(The data Opens)

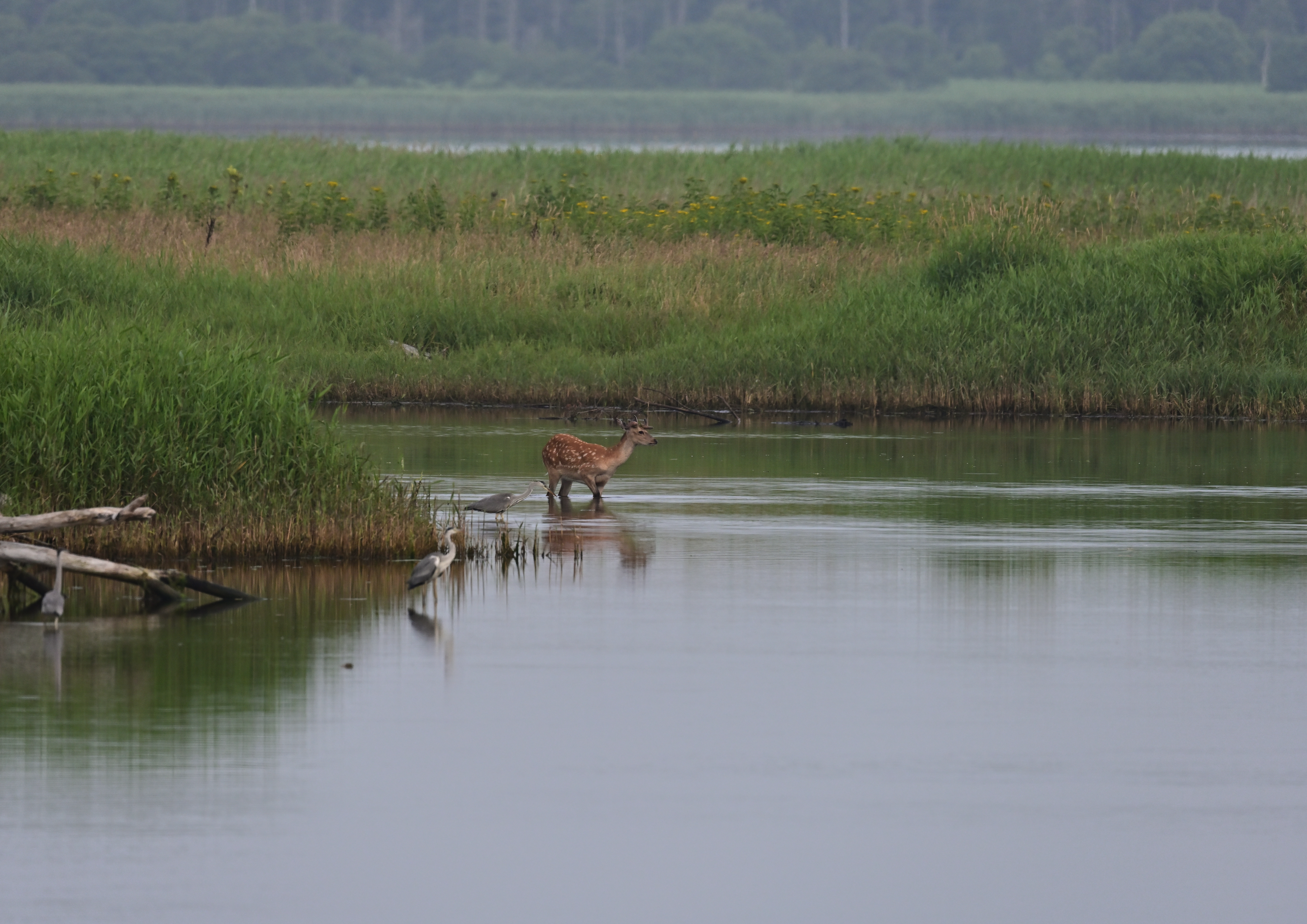 再び別の鹿が川を渡ろうとしている。手前にはアオサギが獲物を狙っているようだ。
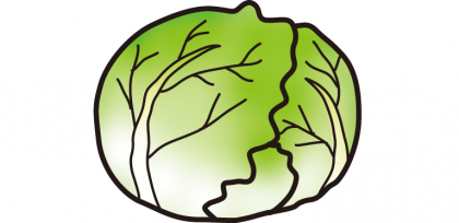 キャベツは、ヨーロッパの地中海や大西洋沿岸が原産とされ、古代ギリシャ・ローマ人も食用としていた最古の野菜の一つで、世界で最もポピュラーな葉菜(ようさい)となっています。「キャベツ」という名は、頭の形をしたという意味ですが、もとの野生種は、結球しないものだったようです。これをケルト人がヨーロッパ各地に広め、その過程で花を食べるブロッコリーやカリフラワー、わき芽を食べる芽キャベツなどに分かれ、そして現在のような結球するキャベツが誕生したようです。日本に伝わったのは、江戸時代末期で、「甘藍(かんらん)」、「玉菜(たまな)」などと呼ばれ、明治時代から大正時代にかけて、「トンカツ」の流行とともに、キャベツの生食が急速に普及したそうです。
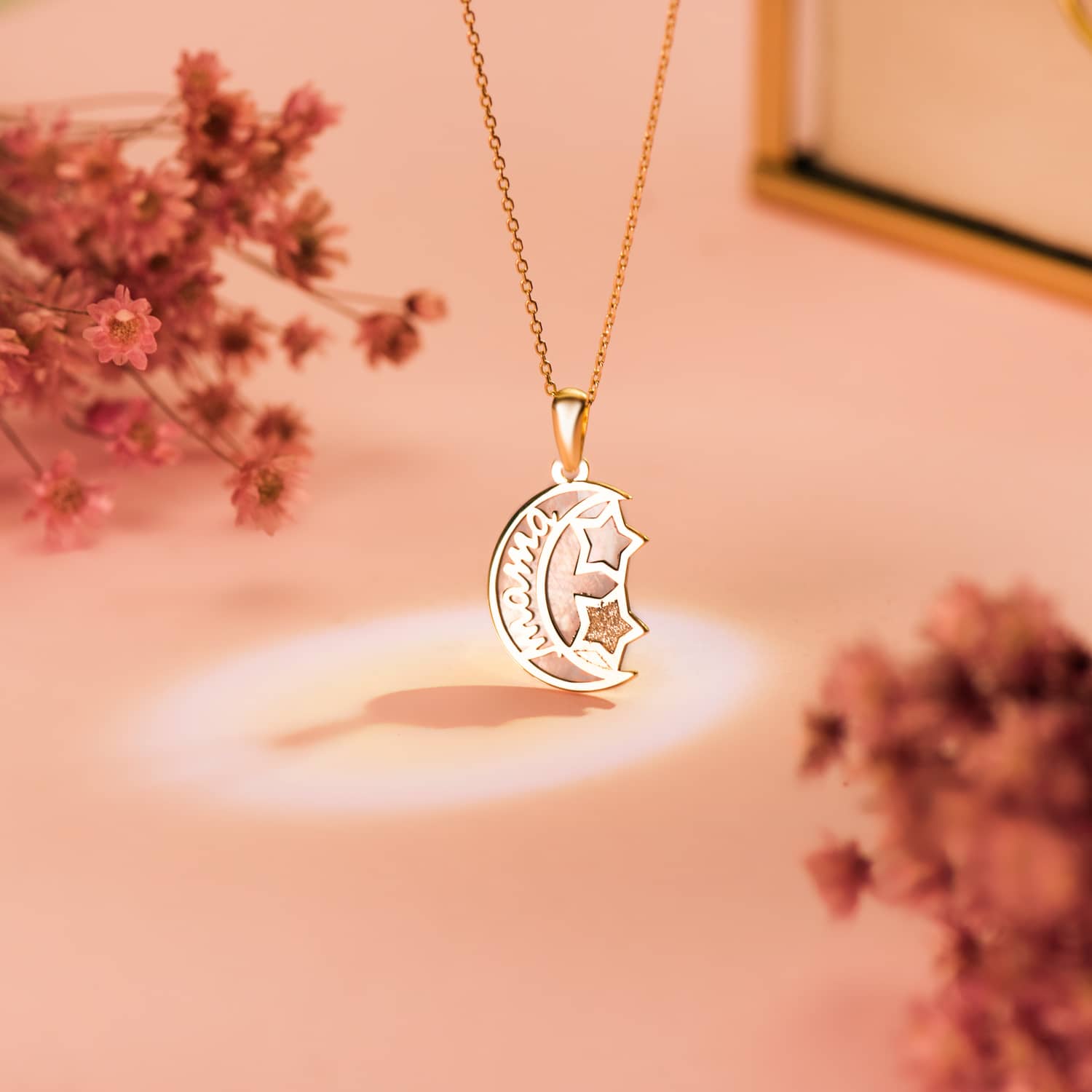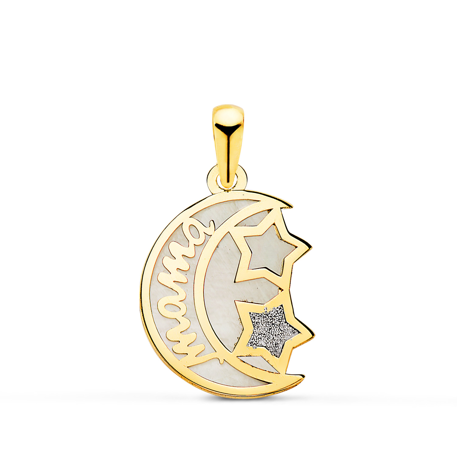 18K COLGANTE DE ORO AMARILLO NACAR FORMA DE LUNA Y MAMA CON ESTRELLAS 16X13MM

(The data Closes)

Output the full material above exactly, leaving every picture out.

» **Task result**:
 再び別の鹿が川を渡ろうとしている。手前にはアオサギが獲物を狙っているようだ。
 キャベツは、ヨーロッパの地中海や大西洋沿岸が原産とされ、古代ギリシャ・ローマ人も食用としていた最古の野菜の一つで、世界で最もポピュラーな葉菜(ようさい)となっています。「キャベツ」という名は、頭の形をしたという意味ですが、もとの野生種は、結球しないものだったようです。これをケルト人がヨーロッパ各地に広め、その過程で花を食べるブロッコリーやカリフラワー、わき芽を食べる芽キャベツなどに分かれ、そして現在のような結球するキャベツが誕生したようです。日本に伝わったのは、江戸時代末期で、「甘藍(かんらん)」、「玉菜(たまな)」などと呼ばれ、明治時代から大正時代にかけて、「トンカツ」の流行とともに、キャベツの生食が急速に普及したそうです。
 18K COLGANTE DE ORO AMARILLO NACAR FORMA DE LUNA Y MAMA CON ESTRELLAS 16X13MM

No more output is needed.